И еще было одно НЕУЗНАВАНИЕ, а по сути зачеркивание ее прежней. Лет через десять после «Авроры» стояла на переходе на ту сторону бульвара. Детки уже не было, но еще пыталась как-то жить без него, если это можно было назвать жизнью, — болталась по магазинам, ходила в кино. Так вот, шла в «Центральный» на новый фильм Параджанова. Остановилась у самого края тротуара, пережидая поток машин. Рядом притормозила блестящая черная «Волга», и на переднем сиденье сидел постаревший, но узнаваемый консул Петр Павлович в золоте и багрянце генеральской формы. Он скользнул по ней усталым равнодушным взглядом, и они встретились глазами, но он не узнал ее.

А в пятьдесят еще крутила роман. Это случилось от тоски по Генриху и оттого, что Нинка не уставала повторять, что это их последние годочки. У Нинки всегда были романы. И как только она заводила очередной, тут же становилась лучшей подругой жены. Некоторых даже навещала в больнице, привозила медицинских светил, жены никогда ни о чем не догадывались, а милый наивный Ваня любил повторять: «Удивительный человек Нинка! Все для других и для других, ничего для себя!»

И в конце концов выходило, что Нинка и впрямь поддерживала, помогала, выручала… В ней было намешано так много разного: и теплота, и лживость, и щедрость, и ледяной расчет. Чего только стоили мифические старушки, которых она будто бы обихаживала, тратя уйму времени! И одновременно бескорыстно помогала тлеющей в забвении и бедности вдове одного мирискусника. Правда, злые языки поговаривали, что там оставалась (доставалась?) уникальная коллекция гравюр и акварелей.

Неважно. Ей Нинка делала добро. Это она посоветовала написать тайком от Детки письмо всесильному и зловещему министру, попросить мастерскую, «не век же жить в гостинице, а у вас заслуги». Помнится, тогда чуть не спросила: «Откуда тебе известно о заслугах? И о каких?» Но сказала другое: «За мастерскую нас возненавидят еще больше».

— А вот на это наплевать, — отрезала Нинка.

Мастерскую дали, и не какую-нибудь завалящую на Масловке, а в центре, огромную, похожую на ту, что была в Нью-Йорке, с огромными окнами, смотрящими на бульвар, и антресолью, где находились хозяйские покои. Детка стал первой «гертрудой» среди деятелей искусств, лауреатом премий, и все это с Нинкиной подачи.

Генрих очень радовался за них, узнав из письма о мастерской, тогда они еще переписывались, это потом, в пятьдесят третьем, ей посоветовали прекратить переписку.

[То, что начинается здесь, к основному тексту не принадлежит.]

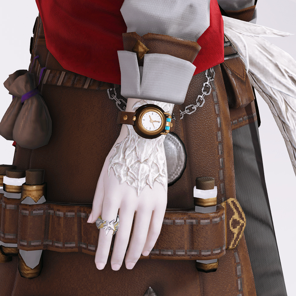 섬세한 작업에 생명인 시간을 체크하기 위한 시계와 작업용 장갑을 착용한 모습입니다. 시계에 달려있는 독특한 푸른 장식이 손목측정기라는 독특한 이름을 가진만큼 연금술사가 작업에 필요한 에테르 농도등을 측정할 수 있는 기능이라도 있는걸까요? 시계 아이템과 장갑 아이템을 동시에 착용하고 싶은 분께 적절한 장비라 생각합니다.
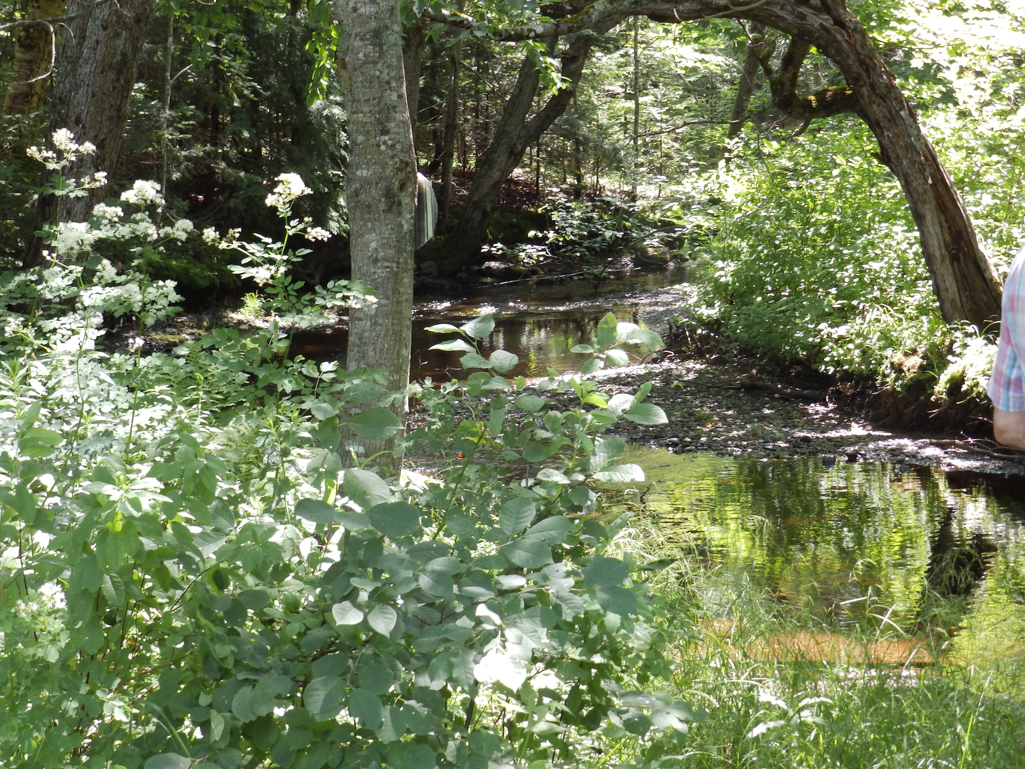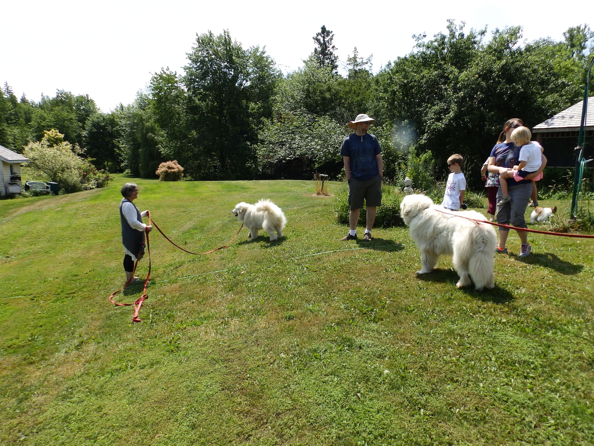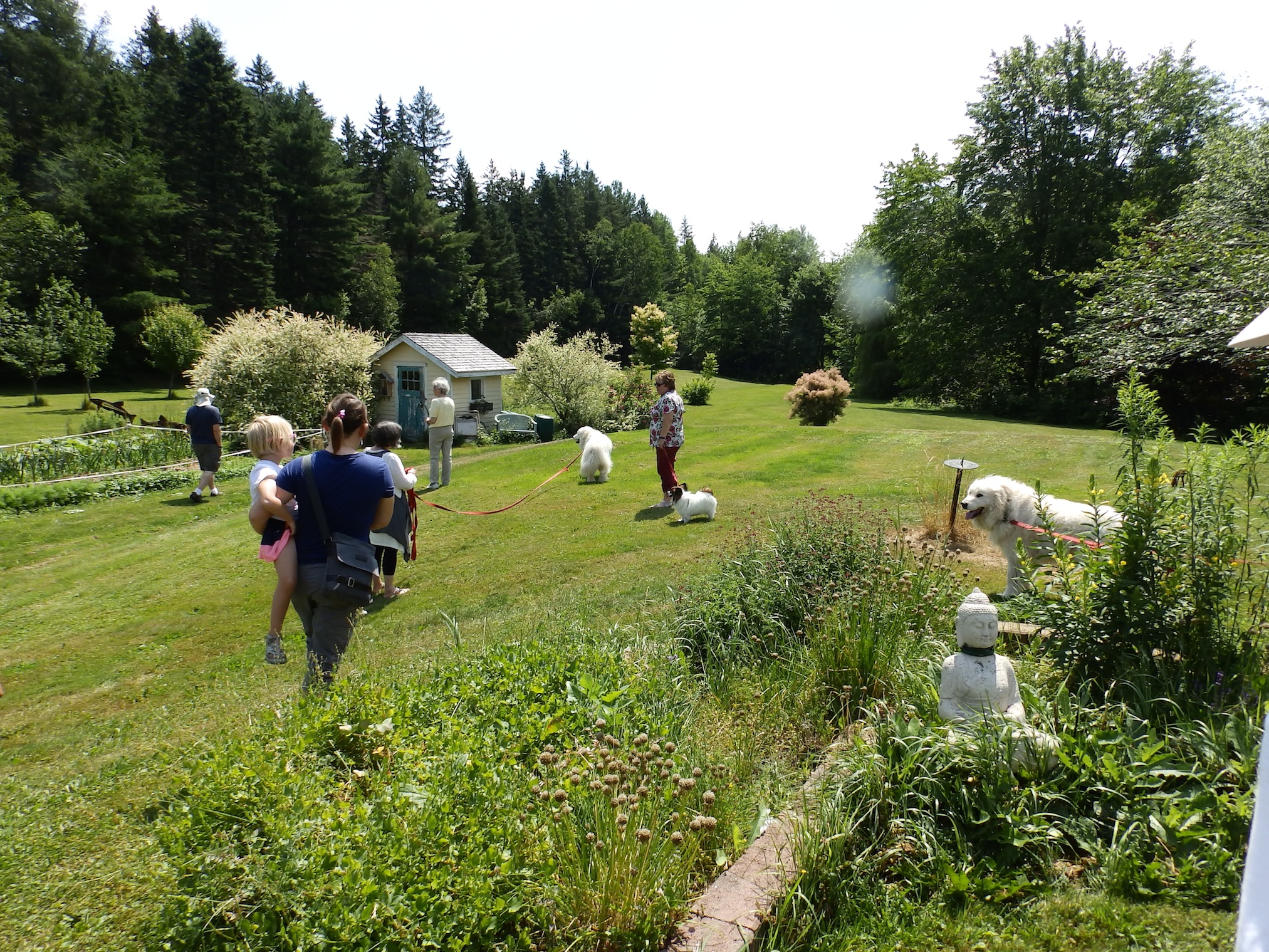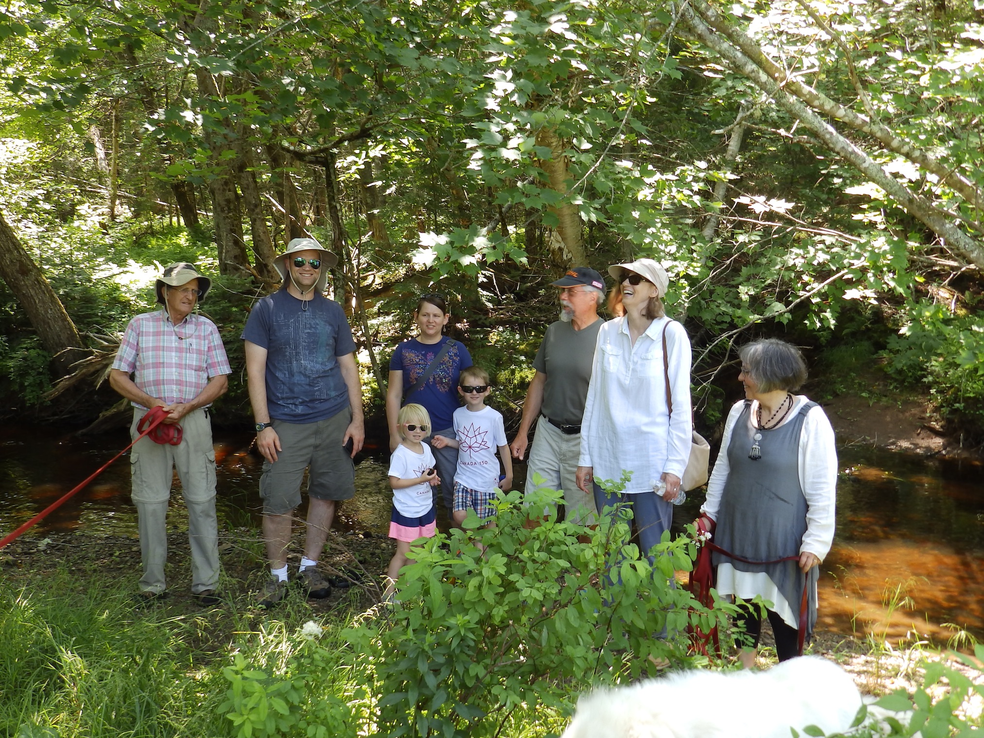 Walking toward the creek, L-R: Linda, Daniel (with crazy sunhat), Malcolm, Jamie holding Sadie, plus Linda and Tony’s white great Pyrenees dogs and Betty’s papillon, Rocket |

А в сорок седьмом в Доме работников искусств первый раз после войны праздновали Новый год. На улицах, гремя подшипниками, еще раскатывали безногие инвалиды на деревянных платформах (потом исчезли в одночасье неизвестно куда), газеты громили безродных космополитов, только что произошла девальвация, отменили карточки, а в раззолоченном зале старого особняка крутился зеркальный шар, создавая иллюзию снегопада, и дамы в длинных туалетах возлагали на плечи черных костюмов, а то и смокингов красиво изогнутые белые голые руки.

В разгар бала произошла какая-то сумятица, все сгрудились в центре зала и смотрели на что-то вниз. Она тоже подошла посмотреть и увидела, как массивная пышногрудая дама ползает на коленях.

— Она потеряла изумруд. Выпал из кольца. Теперь ищет, — сказал кто-то рядом.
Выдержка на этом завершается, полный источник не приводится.